CIM Group is spearheading the redevelopment of The Gulch, a sea of asphalt next to Mercedes-Benz Stadium, into a project called Centennial Yards.

Last week, CIM filed an application to begin the second residential phase of the project, which will include 234 residential units over retail and two levels of below-street parking.

Carter, which has been revitalizing the area next to the former Turner Field stadium in a project called Summerhill, also filed an application to begin the second phase of 513 Hank Aaron Drive, a six-story apartment building with ground-floor retail.

“The Mitchell Street corridor from where Newport is to where the Reverb [hotel] is going to be is the very first real place where people will be able to hang out before and after games,” said Brian McGowan, the president of Centennial Yards Co., the local firm backed by CIM spearheading the project. 

Downtown Atlanta has largely been left behind in the overall resurgence of the city of Atlanta this past decade. That spark began in Midtown and has led to a wave of redevelopment and adaptive reuse, reversing the trend of companies and residents moving to Metro Atlanta’s suburbs in the latter half of the 20th century. 

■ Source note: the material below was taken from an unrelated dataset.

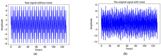 By comparing Figure 5a,b, it can be seen that after adding noise, the signal appears burr and the signal smoothness is weakened, indicating that noise will affect the correct recognition and use of the signal, therefore, it needs to be processed by filtering. After CEEMDAN of y(t), 11 IMF components and 1 residual component were shown in Figure 6. Equation (10) was used to calculate the correlation coefficients between each IMF component and y(t), as shown in Table 1.
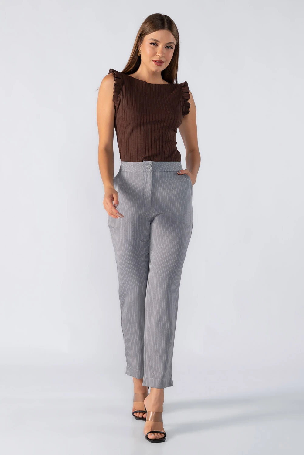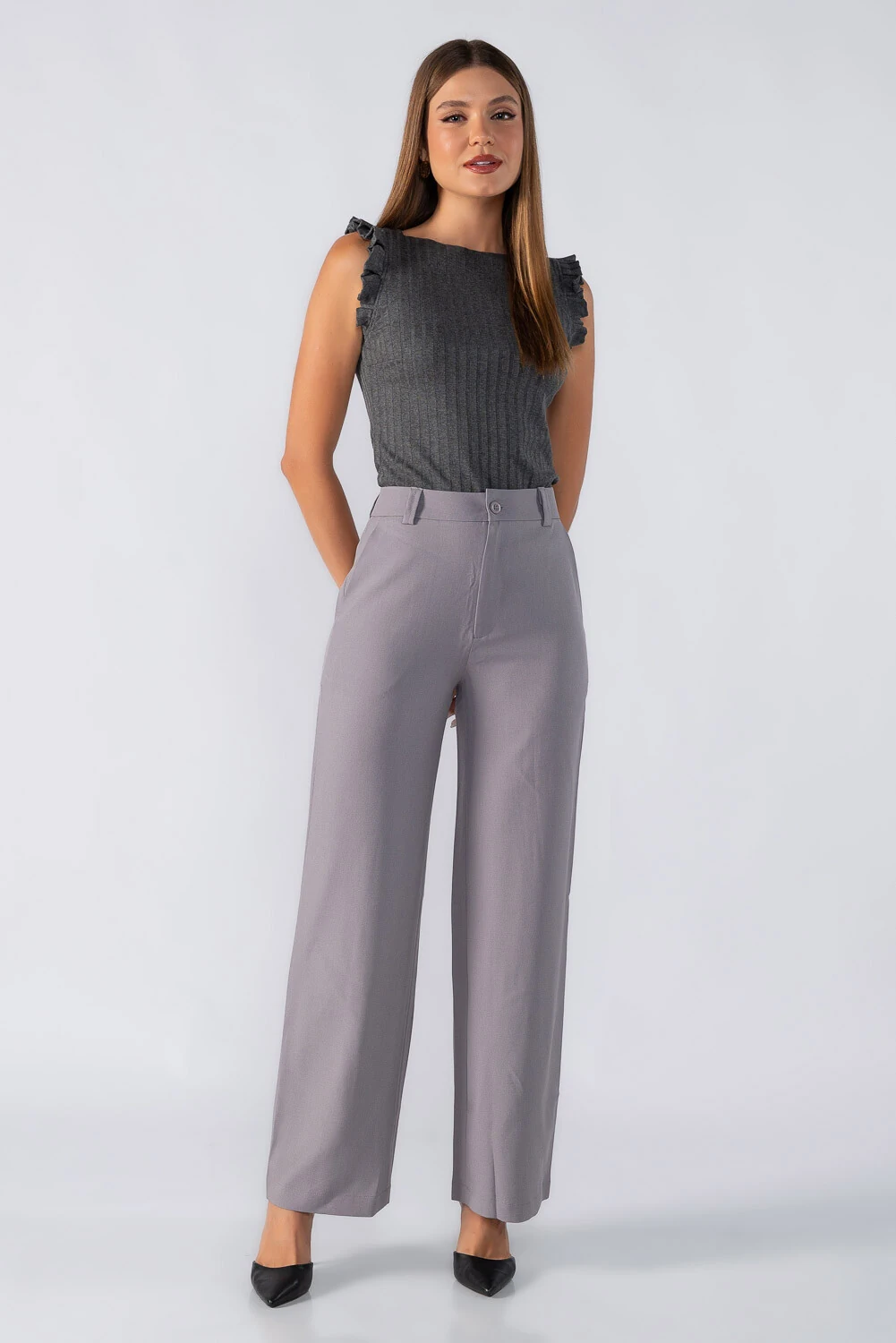 Dica: Usar com calça pantalona e scarpin

Newport, CIM and Carter's focus for the first wave of new projects in Downtown is on residential, in the hopes of it creating a 24-hour population that will drive business to the retail and other commercial developments, McGowan said.

“It's not rocket science. If you want to revitalize Downtown Atlanta you need to get people living in Downtown Atlanta,” he said. "That's what happened to Midtown."